James Tod, has recorded the view as being prevalent in his time, that the clan occupied Narwar in the 10th century and remained there until Narwar was captured by Parihara Rajputs in the 12th century, however local history suggests that the Kachwahas were in Narwar several centuries earlier than the date given by Tod's arbitrary view. Many historians aver that the Kacchapaghatas, like the Chandellas and Paramaras, originated as tributaries of the preceding powers of the region. They point out that it was only following the downfall, in the 8th-10th century, of Kannauj (the regional seat-of-power, following the break-up of Harsha's empire), that the Kacchapaghata state emerged as a principal power in the Chambal[2] valley of present-day Madhya Pradesh. This view is largely supported by archaeological artefacts[3] and Kacchapaghata coinage (minted in Gupta-fashion)[4] discovered in Madya pradesh, as also by inscriptions of Gopasetra (Willis). It is interesting to note that according to popular legend,[5] the rise of the Kachwahas in Madhya Pradesh is closely associated with Suraj/Surya Sen, a Kachwaha prince of the 8th century, whom is said to have been responsible for the building of Gwalior fort and the founding of that city[3][4]. In the oldest section of Gwalior fort there still exists a sacred pond known as the Suraj-Kund [5]. It may thus be logical that the Kachwaha rule in Chambal valley predates the dates ascribed in the Sas-Bahu inscription.

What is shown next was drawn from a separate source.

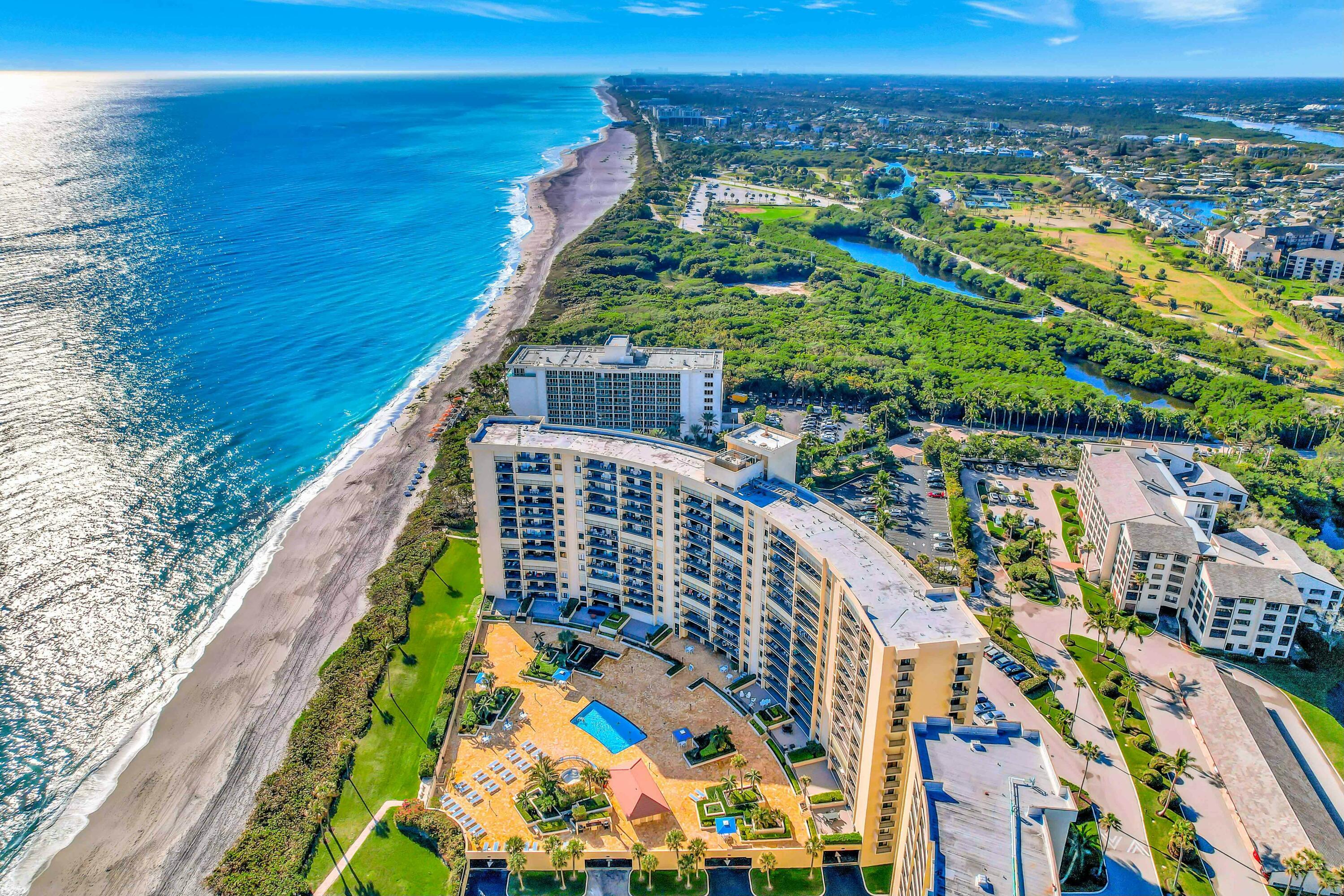 This must-see oceanfront corner residence sits directly on the sand in the highly desirable Ocean Trail community. The beautifully updated 2-bedroom, 2-bath condo offers 1,270 square feet of move-in-ready living space, freshly painted and fully turnkey. Enjoy three private balconies showcasing sweeping, unobstructed views of the Atlantic Ocean, Jupiter Inlet, and the Juno Beach Pier--perfect for morning sunrises and refreshing ocean breezes.As an exceptional end unit, this condo provides both privacy and access to an impressive array of resort-style amenities, including two heated pools, tennis courts, spa, sauna, fitness center, community room, and exclusive private beach access.Ideally located just a short walk from Carlin Park, Dubois Park, and the Jupiter Inlet, this home places the best of Jupiter right at your doorstep. Experience premier coastal living at an exceptional value. Schedule your private showing today and make this beachfront retreat your own.

According to an inscription in the Sas-Bahu temple within Gwalior fort, Vajradaman (Vazradaman) (964-1000 AD), the successor of the Kacchapaghata ruler Laksmana (940-964 AD) "put down the rising power of the ruler of Gandhinagara (Kannauj) and his proclamation-drum resounded on the fort of Gopadri (Gwalior)." Lakshmana father of Vajradaman was son of Dhola or Salhkumar (It is thus believed that Vajradaman was grandson of Dhola or Salhkumar).

According to bardic chronicles and popular legend, Vazradaman was succeeded by his son Mangalraja. Mangalraja had two sons Kirtiraj(Kirtirai) and Sumitra. While Sumitra got Narwar in succession, Kirtiraj got Gwalior. Kirtiraj, also founded the temple city of Simhapaniya (present-day Sihonia),[6] there he had a Shiva temple constructed to fulfil the wish of his queen Kakanwati. Built between 1015 to 1035 A.D., the Kakan Math temple is 115 ft (35 m). high and rivals in splendour the temples of Khajuraho.[7] Interestingly Simphaniya like present day Jaipur, was a flourishing center of Jainism. The affix of Pal was adopted by the Kachwaha rulers of Narwar for many centuries, and it was 8 centuries later that this epithet was changed to Singh.

After Sumitra, Madhubramh, Kanh, Devanik, and Isha Singh ruled Narwar. The Sas-Bahu inscription is dated to 1093 AD and it gives the genealogy of the ruling family up to Mahipal who died sometime before 1104 AD.

[edit] Advent of the Kachwahas in Dhundhar

Vajradamana (Vazradama) the kachhawah ruler was ruling Narawar and Gwalior in 10th century AD. He fought Mahmud Gazanavi with Anangpal Tomara I, ruler of Delhi and was killed in this battle in 1000 AD. After Vazradama, his son Mangalraja sat on the throne.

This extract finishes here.